Artifact for our Ad Personalization and Transparency in Mobile Ecosystems: A Comparative Analysis of Google’s and Apple’s EU App Stores paper to be published in Proceedings on Privacy Enhancing Technologies 2026 (Issue 1).
Copy sample.env to .env and set values to reflect your environment:
If you use our docker container for the database (see Dockerfile), you can leave the default DB_*values.
The API token should be set to a random value of a sufficient length, e.g., by running
tr -dc A-Za-z0-9 </dev/urandom | head -c 50; echoIn case you want to use features of the harvester API that retrieve information through Apple's App Store API, a valid Apple bearer token needs to be added to .env. This token can be retrieved from the traffic of a jailbroken iPhone while accessing the App Store. Use tools like Proxyman or mitmproxy to inspect the iPhones traffic.
This section describes the different components we designed for this paper, structured as different subdirectories in this repository.
For detailed information, refer to the README.md in each subdirectory.
The account-creator directory contains helper scripts for creating database entries for experiment accounts as well as Selenium-based scripts aiding in the creation of Google and Apple accounts.

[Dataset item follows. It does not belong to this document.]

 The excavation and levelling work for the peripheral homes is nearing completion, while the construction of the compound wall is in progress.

Our code used to extract ads from Google's Play Store on Android is located in android-ad-extraction.
Please refer to the README.md there for install and usage instructions.

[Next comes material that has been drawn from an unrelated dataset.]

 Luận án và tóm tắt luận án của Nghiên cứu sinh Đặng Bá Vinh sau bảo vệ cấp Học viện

harvester-api contains our REST API that manages database access and the service fetching app details from Google and Apple. Additionally, some helper scripts to manage our persona entries are located therein too.
ios-ad-extraction is the iOS counterpart to the android-ad-extraction component. It is used to extract ad data from iPhones.
The stats-and-figures directory contains scripts to reproduce the figures and, to some extent, tables from our paper.